Çocukken okuduğum tarih kitaplarında “sürgün edilenler” olduğunu gördüğümde, bunun neden hapis gibi bir ceza yöntemi olduğunu pek kavrayamamıştım. Nazım’ın şiirlerini anlayarak okuyabilecek yaşlara geldiğimde ilk kez jeton düştü: Bu ülkenin tarihinde, burayı çok seven insanları öldürmezse ya mapus etme ya sürgüne gönderme geleneği vardı. Kimi zaman hapiste “özgür olmayı” göze alan nice insanın bir umuda sarıldığı; bazen siyasi bir rehine olmamak için uzaklarda başka türden bir tutsaklığı seçenlerle dolu, pek de aydınlık olmayan bir geçmişimiz ve bugünümüz var. 
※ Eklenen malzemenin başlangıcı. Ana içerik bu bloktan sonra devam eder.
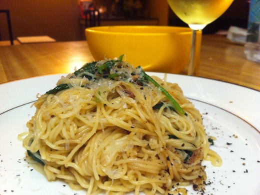 Behold this simple dish of cappellini with anchovies (in olive oil as well as their own), browned garlic and baby spinach blanched in with the pasta, graced with Parmesan and cooked up to the classic sounds of Kishore Kumar oldies. It was accompanied by an adorable salad of tomatoes, avocado and sunflower seeds and a good ol’ glass o’ wine. A satisfying dinner at the very end of a day working hard in a kitchen!

Pınar Selek’in ismini ilk defa lisede okulun karşısındaki sahaftan, Oktay’dan duymuştum. Hakkında bir belgesel çekildiğini öğrenince bana hayat hikayesini, çocukken sokakta yaşadığını, akabinde kağıt toplayıcılığı yaparken tanıştığı Pınar’ı anlatmıştı. O yaşlarda bir gün dönüşmeyi temenni edebileceğim, kendime bir rol model seçmem elzemse tahayyülümde ilk sırada yer vermem gereken kişinin Pınar olduğunu anladım. Pınar Selek’in hikayesiyle beraber bir fikir kemikleşmeye başladı bende: Mümkün olduğu müddetçe Türkiye’yi terk etmek istemiyordum. 

Pek canlı hayal gücüm, gittiğim yerden bir gün geri dönememe ihtimaliyle ancak bu şekilde baş edebildi. Keza sürgün, ideallerinize sarılmayı seçen biriyseniz, üç potansiyel gelecekten birisi Türkiye’nin direnenlere sunduğu menüde. Nedense ölmekten veya hapse girmekten değil de en çok bu olasılıktan korktuğumu fark ettim. Bir Fransız lisesine gidiyordum, okuduğum sınıfta hiç yurtdışı başvurusu yapmayan tek kişi bendim. Tabii bu duyguyu evhamlı evhamlı yaşadığım 2000’lerde Türkiye biraz daha başka bir yerdi. Herkes gitmek istemiyordu henüz. O yaşlarda aslında dik bir duruşun, yalnızca ana akımın değer olarak belirlediklerini değil, tüm azınlıkların haklarını savunabilmenin ağır bedelleri olacağını kabul ettim. Hızlı bir dönüşüm sürecine girdim. Bir Beyaz Türk olarak bana atanmış nezih güzergahtan ilk ara sapağa, bir gün sonunun uçurum olabileceğini bile bile saptım. Öğrendiğim hikayeler arttıkça yalnızca isyanım artmadı, Türkiye’deyken Türkiye hasreti duymaya başladım. Bu kuvvetli ama sessiz kalması gereken, dile getirilince nehrin akışının tersine yüzdüğüm için herkesin dalga geçtiği fikre sıkı sıkı tutundum yetişkin hayatımda. Her geçen gün kafamdaki minik kuruntu sıradan insanların gündelik yaşamına dönüştü. Sevdiğim çoğu insan başka bir ülkede yaşıyor bugün. Bu yazı kalma arzusuna dair bir sessizliği, herkesin gitmeyi konuştuğu bir dönemde kırmak için yazılıyor. 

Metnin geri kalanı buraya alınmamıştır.